Part 4 of “PyTorch: Zero to GANs”

9 min readMar 27, 2019

This post is the fourth in a series of tutorials on building deep learning models with PyTorch, an open source neural networks library. Check out the full series:

PyTorch Basics: Tensors & Gradients
Linear Regression & Gradient Descent
Classification using Logistic Regression
Feedforward Neural Networks & Training on GPUs (this post)
Coming soon.. (CNNs, RNNs, transfer learning, GANs etc.)

In the previous tutorial, we trained a logistic regression model to identify handwritten digits from the MNIST dataset with an accuracy of around 86%.

However, we also noticed that it’s quite difficult to improve the accuracy beyond 87%, due to the limited power of the model. In this post, we’ll try to improve upon it using a feedforward neural network. Many parts of this tutorial are inspired from FastAI development notebooks by Jeremy Howard.

System Setup

If you want to follow along and run the code as you read, a fully reproducible Jupyter notebook for this tutorial can be found here on Jovian:

aakashns/04-feedforward-nn - Jovian

Share Juptyer notebooks instantly. Jovian makes Jupyter notebooks shareable, commentable and reproducible.

jvn.io

You can clone this notebook, install the required dependencies using conda, and start Jupyter by running the following commands on the terminal:

pip install jovian --upgrade    # Install the jovian library 
jovian clone fdaae0bf32cf4917a931ac415a5c31b0  # Download notebook
cd 04-feedforward-nn            # Enter the created directory 
jovian install                  # Install the dependencies
conda activate 04-feedfoward-nn # Activate virtual env
jupyter notebook                # Start Jupyter

On older versions of conda, you might need to run source activate 04-feedforward-nn to activate the virtual environment. For a more detailed explanation of the above steps, check out the system setup section in the first notebook.

Preparing the Data

The data preparation is identical to the previous tutorial. We begin by importing the required modules & classes.

We download the data and create a PyTorch dataset using the MNIST class from torchvision.datasets.

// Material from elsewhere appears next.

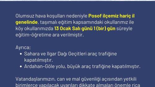 Ardahan Valiliği: Posof hariç il genelinde 13 Ocak Salı taşımalı ve köy okullarında eğitim-öğretime bir gün ara verildi; bazı geçit ve yollar trafiğe kapatıldı.
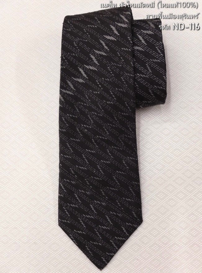 เนคไทผ้าไหม ลายพื้นเมือง สีดำ รหัส ND-116

Next, we define and use a function split_indices to pick a random 20% fraction of the images for the validation set.

We can now create PyTorch data loaders for each of the subsets using a SubsetRandomSampler, which samples elements randomly from a given list of indices, while creating batches of data.

Model

To improve upon logistic regression, we’ll create a neural network with one hidden layer. Here’s what this means:

Instead of using a single nn.Linear object to transform a batch of inputs (pixel intensities) into a batch of outputs (class probabilities), we'll use two nn.Linear objects. Each of these is called a layer, and the model itself is called a network.
The first layer (also known as the hidden layer) will transform the input matrix of shape batch_size x 784 into an intermediate output matrix of shape batch_size x hidden_size, where hidden_size is a preconfigured parameter (e.g. 32 or 64).
The intermediate outputs are then passed into a non-linear activation function, which operates on individual elements of the output matrix.
The result of the activation function, which is also of size batch_size x hidden_size, is passed into the second layer (also knowns as the output layer), which transforms it into a matrix of size batch_size x 10, identical to the output of the logistic regression model.

Introducing a hidden layer and activation function allows the model to learn more complex, multi-layered and non-linear relationships between the inputs and the targets. Here’s what it looks like visually (the blue boxes represent layer outputs for a single input image):

The activation function we’ll use here is called a Rectified Linear Unit or ReLU, and it has a really simple formula: relu(x) = max(0,x) i.e. if an element is negative, we replace it by 0, otherwise we leave it unchanged.

To define the model, we extend the nn.Module class, just as we did with logistic regression.

We’ll create a model that contains a hidden layer with 32 activations.

Let’s take a look at the model’s parameters. We expect to see one weight and bias matrix for each of the layers.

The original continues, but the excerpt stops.